Well here we go again. Are you sure you want to read rubbish about people with no life doing stupid things for no good reason ? OK if you insist, all your own fault.


For the uninitiated the first test was to find the pack milling about on the back lawn of the hotel. Some askance looks were noted from affluent punters as lost hashers drifted nonchalantly (how the hell do you spell that) through the public rooms. The sweaty drunken return was avoided by most either finding the back door or the route through the undergrowth to the rear car park.

Head Gasket had laid a paper and chalk arrow trail with assistance from the miniature Gaskets, which led the runners on a nice clover leaf around the golf course, before setting us into town for a beer stop in the salubrious fish market. The SECOND beer stop (is he running for president?) was set up back along Ocean Road and became a de facto end to the run, whilst the runnnnners waited for the walkers to filter along. It was too dark to run in anyway, and thats my excuse, so what was yours?

Manicured lawns, linen table cloths (even for Late Cummers down down dispensary) and security staff checking none of those nasty wealthy punters stole OUR food. Good set up - simply what we deserve and should be used to by now.

Announcements were mercifully brief - ‘lost’ valuables from Hash Cash Park’n’Rides registration table were offered for redemption or sale; if you haven’t entered your Bagamoyo relay team by now then start training for next year, or better yet, join one of the other teams for this year - I believe the odd spot may still be available !!; the BagRelay sub committee will meet on Thurs 10 May at Boogie Boobs house (6pm). Enough.

Much more interesting - Mr Shithol’ and Nasty Pasty have bravely reconnoitred the rubber plantations of Zanzibar and propose to set a trail on the weekend of 9th and 10th June. Cost per head will be about Tsh220,000 inclusive of flights, transfers, full board, and two runs - gasp. But initial interest from the circle seemed positive, so they will refine the details and further info to be forthcoming at a later run.

And the hares, and the hares..... Head Gasket and Beeper Tits were invited to partake of a well deserved libation in recognition of their grand efforts. CandyMan was called upon to precis the run, as he has the benefit of about ten years experience hashing in Dar. ‘Five kilometres my arse’ was the eloquent and thought provoking result. Frozen Assets fronts up at the circle so infrequently that she was totally and most uncharacteristically lost for words when called upon to describe the walks intricasies.

TrailMaster Boxer has kept his receding hareline in place and cajoled Knight Rider into hosting the next Monday run at his abode in Mikocheni.

GM Wet Dream decided we needed entertainment by this time and called upon South African gentlemen to step forward (to calls of ‘oxymoronic’ and ‘no such thing’). He then asked for explanation of why robbers in SA had stripped a bicyclist naked and superglued him to his bike seat. Many comments were made but no satisfactory answer was heard and therefore down downs administered.

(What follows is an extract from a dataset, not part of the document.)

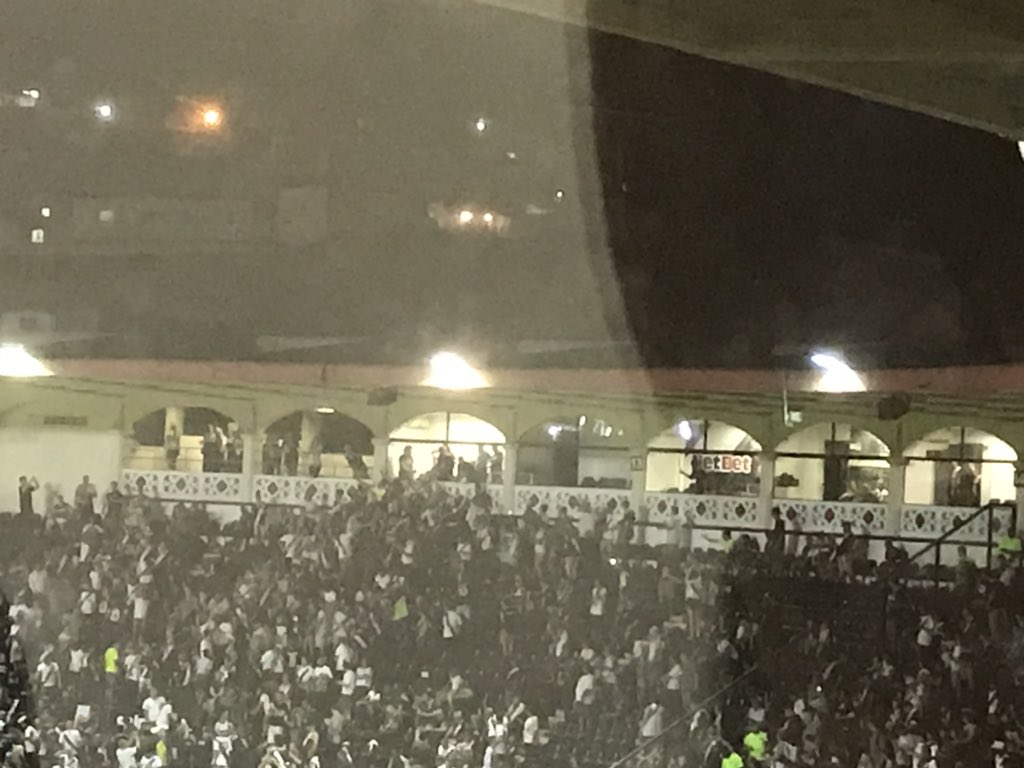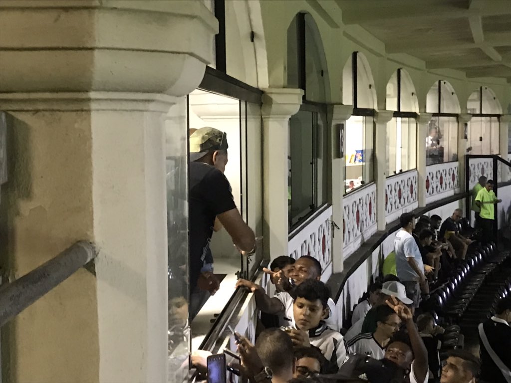 "O Guarín voltou", canta a torcida. Obviamente meu celular não permite ver bem, mas ele está ali falando com a galera #lanceCOLINA

RA for the evening (and many past in the absence of Bothways.. again) was our very own Mr S. Straight into the guts of the matter and the narrow but true path to hashing heaven, he expounded upon the rules : No 1 = no rules; No 2 = ignore rule no.1; No 3 = no sex; No 4 = no poofters; or some such drivel. Inevitably there is one, and this week it was Pinochio - he wanted sex allowed - or was it poofters - no it was sex, because Chicken Shit got involved. A good ruse to get the circle animated (bestiality’s allowed isn’t it).
In a cunning advert for the sale of his household goods, MrS mentioned that he and Nasty Pasty were selling their household goods .... at the Little Theatre table sale on Sunday, when along came Park’n’Ride in need of a knickknack to entice certain people to stay for breakfast. A menage a trois, and open tender on Ebay for Parky’s Zanzibar run nights, were skilfully worked into the patter by MrS, despite some confusion in the ranks. There was also more information than strictly necessary on the linkage between offspring and Zanzibar runs, but you can’t expect to hear all the secrets if you don’t front up at the circle

Three virgins were introduced very politely by the RA, ‘welcomed’ for a down down by Bombastic, and Warm Safari was sung for them in explanation of the down down ritual. (NB CandyMan was heard to comment that the Safari has improved over the years and is even possibly palatable now).

Four visitors : Captains Cabin and Captain Skidmark from Dubai; Bunny from Kent; and Boxers most gracious ‘Princess’ from New York, were also welcomed to the circle, before two sets of new boots were filled for the owners drinking pleasure.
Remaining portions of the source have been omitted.